Je n’oublierai pas de citer deux points importants:
– Un article récent dans la gazette des communes mettait en garde les collectivités qui voulaient s’engager dans la location d’un bien immobilier – c’est dire l’intérêt d’être bailleur!
– Dans les déclarations de patrimoine des Présidents de la République, des membres du Gouvernement, on voit que si certains disposent d’une résidence principale voire d’une résidence secondaire, rares sont ceux à mettre en location un logement (pourtant quel est le ministre du logement qui ne met pas en avant l’intérêt d’être propriétaire voire bailleur?). Par contre ces élus disposent souvent de placements mobiliers « conséquents » dont certains (la plupart) sont en assurance vie! Allez comprendre!

Maintenant, comme cela ne suffit plus, on veut mettre en place des contraintes financières supplémentaires pour obliger les propriétaires à faire les choix attendus par les élus.
Un personnage célèbre a dit « il est interdit d’interdire »!

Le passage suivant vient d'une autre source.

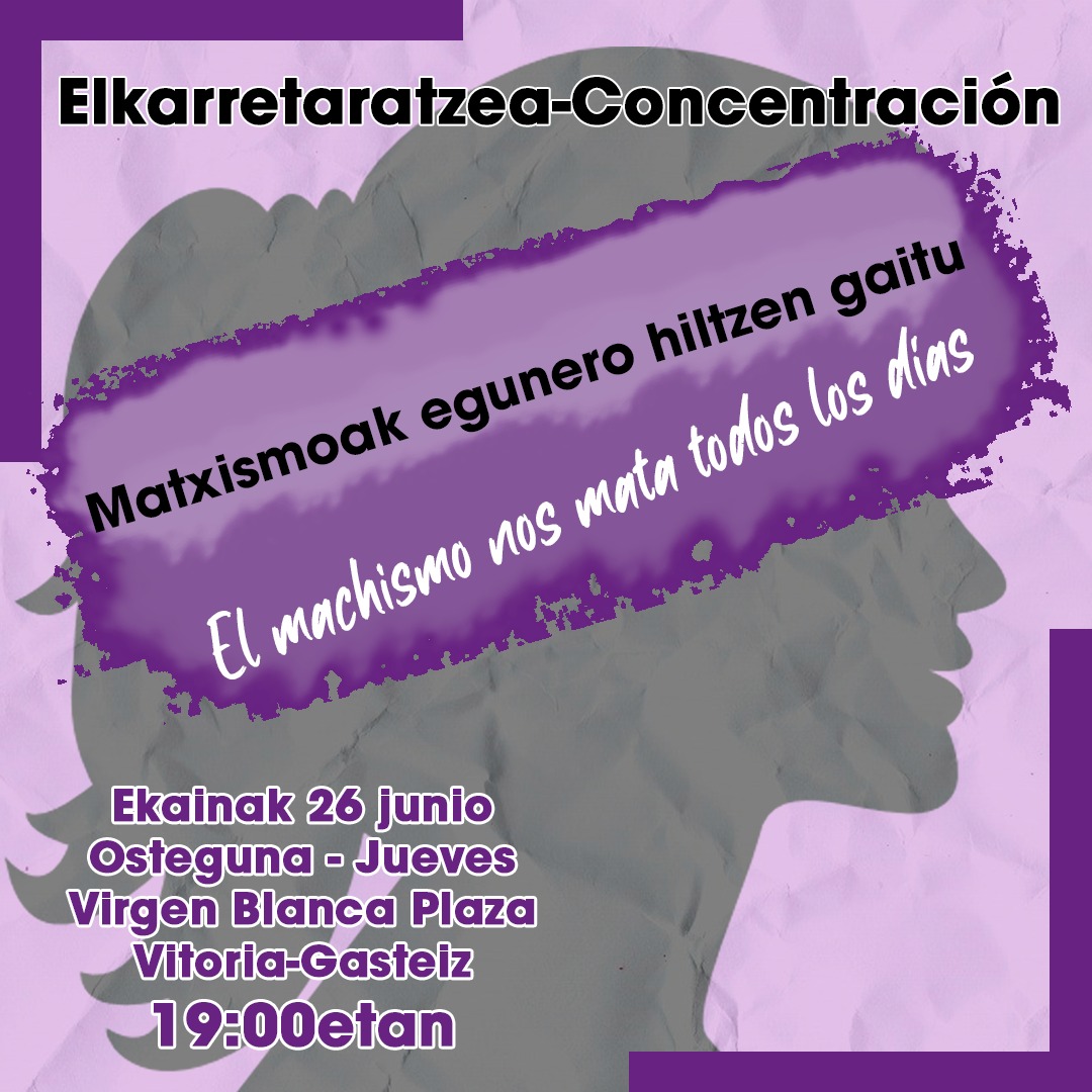 Como cada último jueves de mes, el movimiento feminista MDM Euskadi ha convocado una concentración para denunciar los asesinatos machistas. Será el 26 de junio a las 19:00 horas en la Plaza Virgen Blanca de Vitoria-Gasteiz.

Ne pourrait-on pas favoriser les propriétaires bienveillants en réduisant:
– leur taxe foncière,
– la liste des travaux non déductibles des impôts,
– leur impôt sur le revenu,
– leurs différentes contraintes dont les déclarations et les relations bailleur-locataire mieux équilibrées.

En fait, j’enfonce des portes ouvertes. mais certains vont me dire que si on accepte de fixer le montant du loyer à une valeur définie au niveau départemental, on peut alors avoir une réduction de 15% ou de 35% des revenus à déclarer.
J’ai fait ce calcul: étant donné le taux de TF (près de 80%) et des autres prélèvements dont la CSG, le bénéfice obtenu est plus faible qu’auparavant.

J’aurai donc une question aux élus et à leurs collaborateurs qui ont eu ces idées géniales: seriez-vous d’accord de gagner moins en travaillant plus?